(Data excerpts)
★ ★ ★ ★ ★ ★ ★
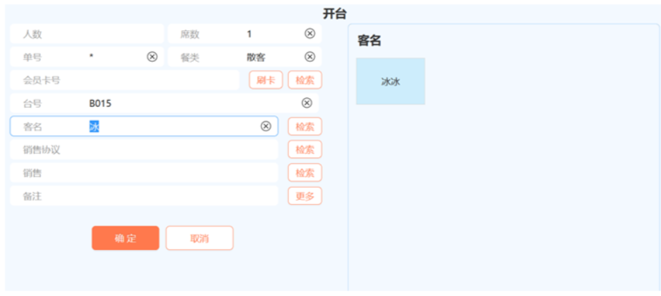 人数:具体就餐客人数,必须输入;
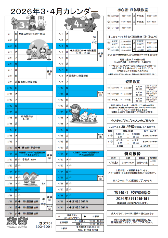 2026年3月・4月カレンダー ベビー
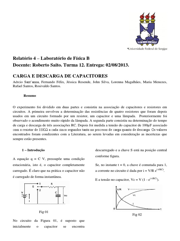 Relatório 4 Carga e Descarga de Capacitores PDF Capacitor
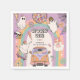 Retro Spooky Un primer cumpleaños Fiestas Napkins- ¡Vamos Groovy! El diseño presenta un fondo colorido con un arcoiris boho. ilustraciones retro de Guay decoran el sencillo patrón con adorables fantasmas hippies, flores de cráneo, espeluznante bola de disco y dulces espantaculares.
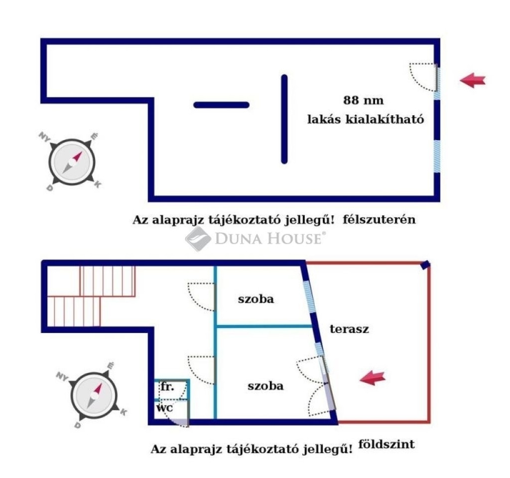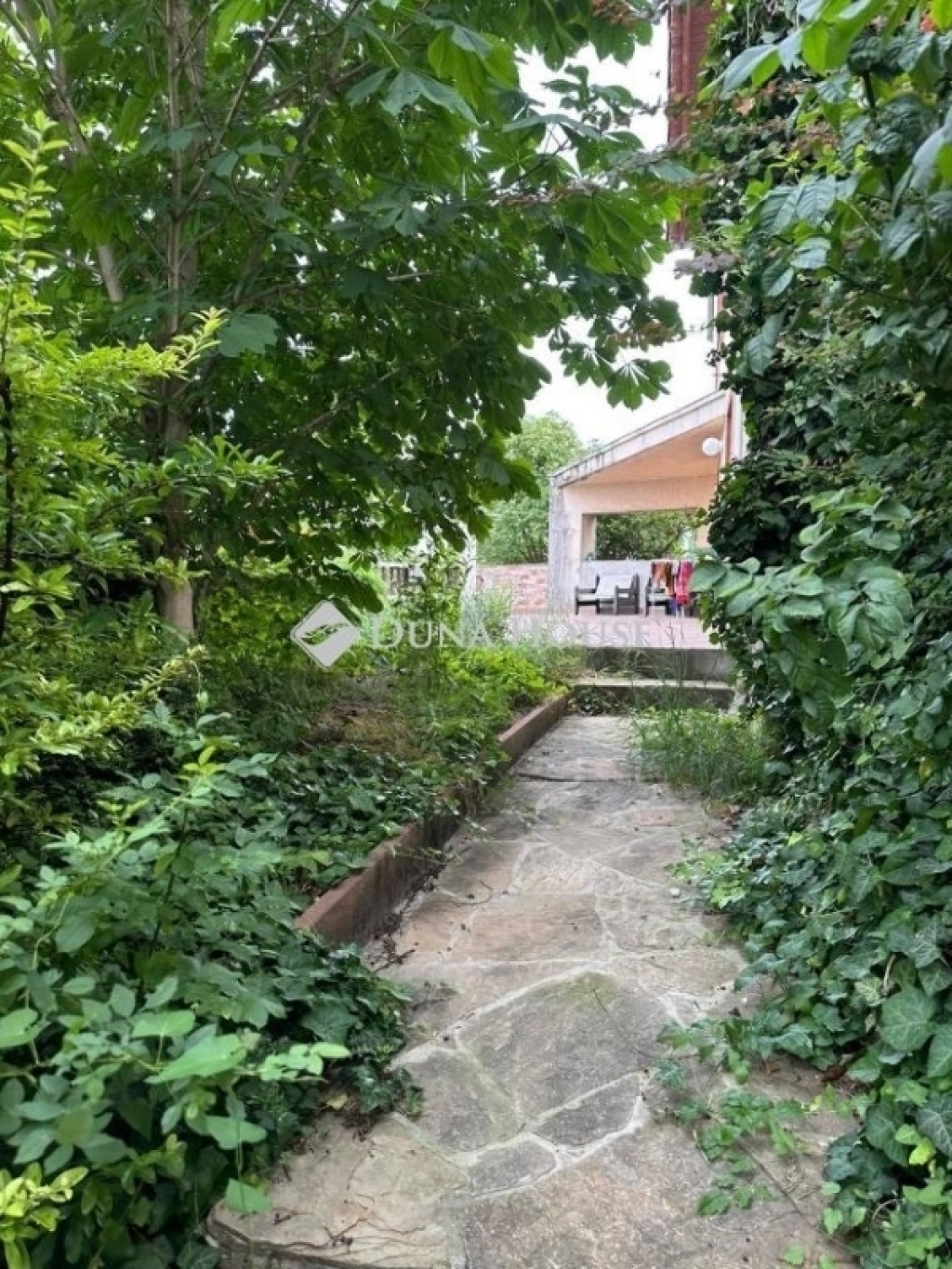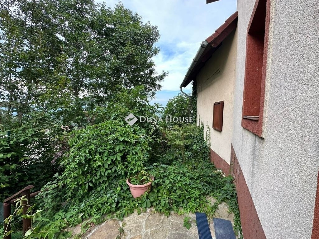 A ház leírása: A garázs melletti kapun belépve lépcsőn mehetünk fel a kertbe, ahonnan a 88 m²-es pince/szuterén nyílik (félig a talajszint fölött, félig a föld alatt, ahogyan a hegy emelkedik). Itt egy különbejáratú lakás is kialakítható! A következő szinten 2 vendégszobát találunk, előttük a 46 m²-es terasz. Ezen a szinten van még egy fürdőszoba, külön WC és egy gardrób/raktár. A következő szint az 1. lakás: nagy nappali, két dolgozószoba (az egyik a Remete-szurdokra néző terasszal, a másik a Pilisre néző erkéllyel), panorámás hálószoba, tágas kamra, panorámás konyha terasszal, fürdőszoba WC-vel, + egy külön WC.
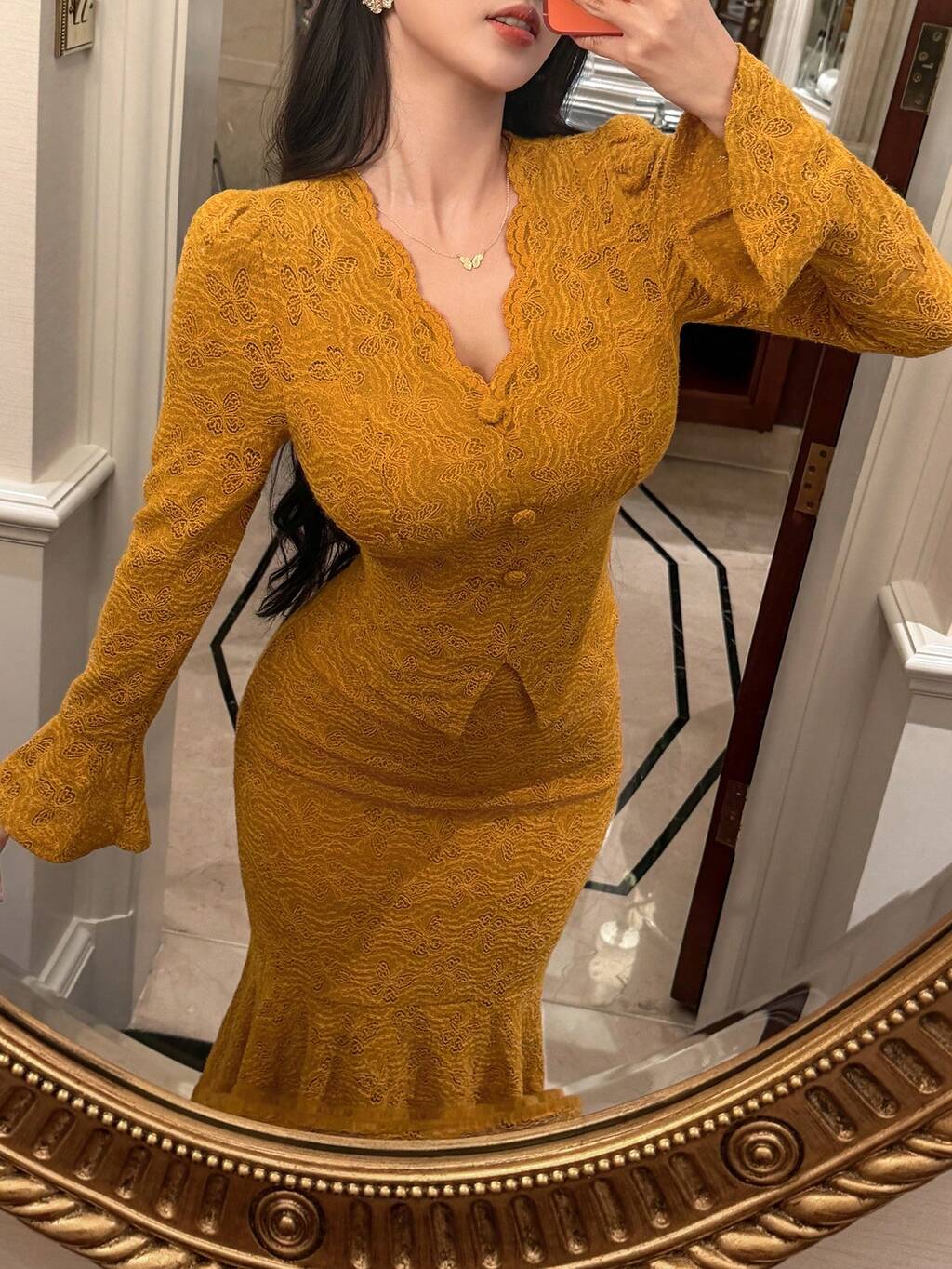 Elegante vestido de sirena con estilo francés de encaje, con escote en V y mangas acampanadas, un conjunto de vestido elegante y grácil
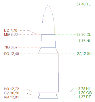 | Comprimento do estojo | 2,260 in (57,4 mm) | |
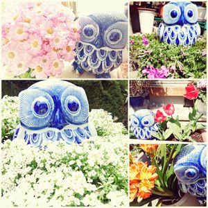 29日🎵 ふくろう祭り🎶 参加させて下さい☘️ うちには、この陶器の ふくろうちゃんしかいないので 今日のお庭のお花🌸さんたちと💓
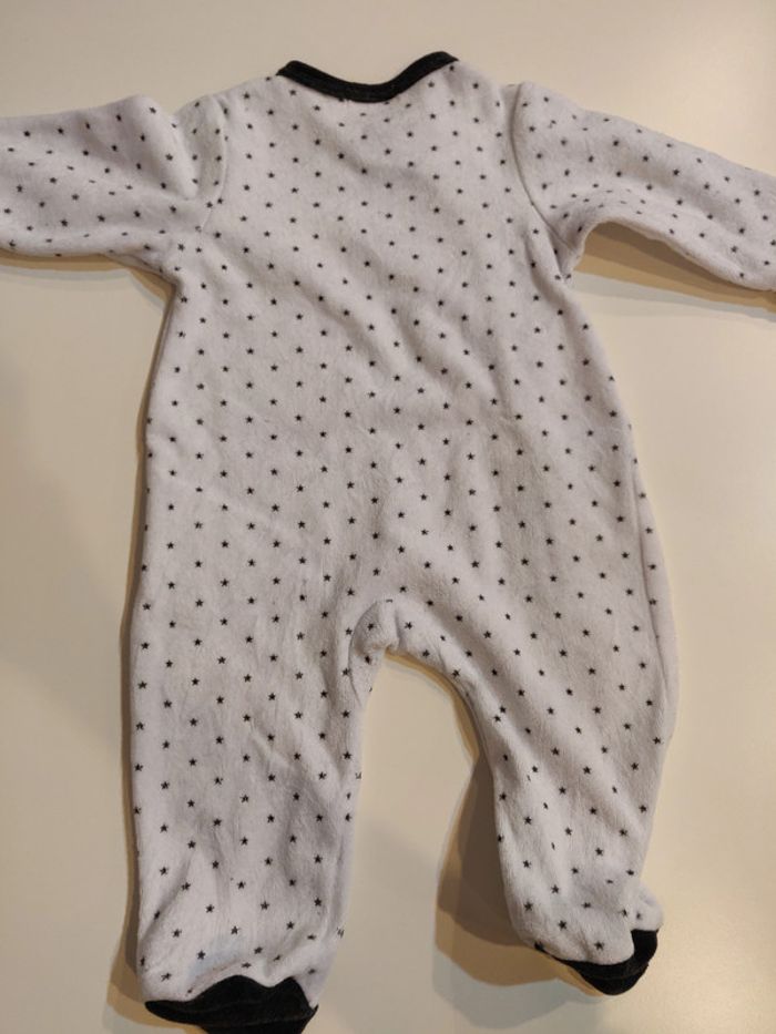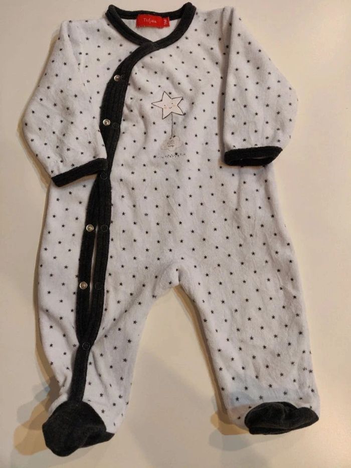 Pyjama blanc avec les bords gris et des petites étoiles grises de partout. Pressions sur le devant Taille 3 mois. Jamais porté juste lavé.
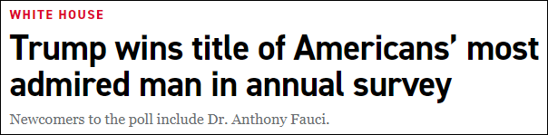 蓋洛普民調:特朗普獲2020美國人心中“最受尊敬男性”
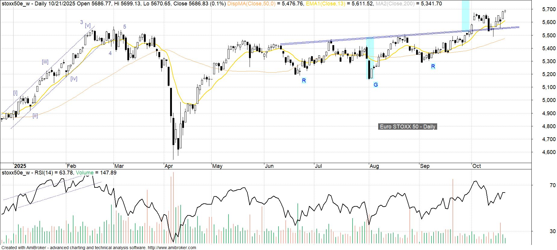Indeks 50-ciu blue-chipów strefy euro na początku października zdołał przełamać lekko nachyloną w górę linię podażową poprowadzoną przez lokalne szczyty z lipca i sierpnia, którą w tej sytuacji można traktować jako linię sygnalną kilkumiesięcznej formacji odwróconej głowy z ramionami (mniej typowa postać formacji kontynuacji). Mimo głębokiego ruchu powrotnego z ubiegłego piątku wybicie zostało obronione, a po poniedziałkowym wyjściu na nowe historyczne rekordy nie ma przeszkód do realizacji potencjału wzrostowego sugerowanego przez wysokość opuszczonej formacji (ok. 5 850 pkt).
★ ★ ★ ★ ★ ★ ★
- BRIEF -
From the first line to the last, repeat the records above exactly, leaving out the pictures.

- ANSWER TO THIS PROBLEM -
 人数:具体就餐客人数,必须输入;
 2026年3月・4月カレンダー ベビー
 Relatório 4 Carga e Descarga de Capacitores PDF Capacitor
 Retro Spooky Un primer cumpleaños Fiestas Napkins- ¡Vamos Groovy! El diseño presenta un fondo colorido con un arcoiris boho. ilustraciones retro de Guay decoran el sencillo patrón con adorables fantasmas hippies, flores de cráneo, espeluznante bola de disco y dulces espantaculares.
 A ház leírása: A garázs melletti kapun belépve lépcsőn mehetünk fel a kertbe, ahonnan a 88 m²-es pince/szuterén nyílik (félig a talajszint fölött, félig a föld alatt, ahogyan a hegy emelkedik). Itt egy különbejáratú lakás is kialakítható! A következő szinten 2 vendégszobát találunk, előttük a 46 m²-es terasz. Ezen a szinten van még egy fürdőszoba, külön WC és egy gardrób/raktár. A következő szint az 1. lakás: nagy nappali, két dolgozószoba (az egyik a Remete-szurdokra néző terasszal, a másik a Pilisre néző erkéllyel), panorámás hálószoba, tágas kamra, panorámás konyha terasszal, fürdőszoba WC-vel, + egy külön WC.
 Elegante vestido de sirena con estilo francés de encaje, con escote en V y mangas acampanadas, un conjunto de vestido elegante y grácil
 | Comprimento do estojo | 2,260 in (57,4 mm) | |
 29日🎵 ふくろう祭り🎶 参加させて下さい☘️ うちには、この陶器の ふくろうちゃんしかいないので 今日のお庭のお花🌸さんたちと💓
 Pyjama blanc avec les bords gris et des petites étoiles grises de partout. Pressions sur le devant Taille 3 mois. Jamais porté juste lavé.
 蓋洛普民調:特朗普獲2020美國人心中“最受尊敬男性”
Indeks 50-ciu blue-chipów strefy euro na początku października zdołał przełamać lekko nachyloną w górę linię podażową poprowadzoną przez lokalne szczyty z lipca i sierpnia, którą w tej sytuacji można traktować jako linię sygnalną kilkumiesięcznej formacji odwróconej głowy z ramionami (mniej typowa postać formacji kontynuacji). Mimo głębokiego ruchu powrotnego z ubiegłego piątku wybicie zostało obronione, a po poniedziałkowym wyjściu na nowe historyczne rekordy nie ma przeszkód do realizacji potencjału wzrostowego sugerowanego przez wysokość opuszczonej formacji (ok. 5 850 pkt).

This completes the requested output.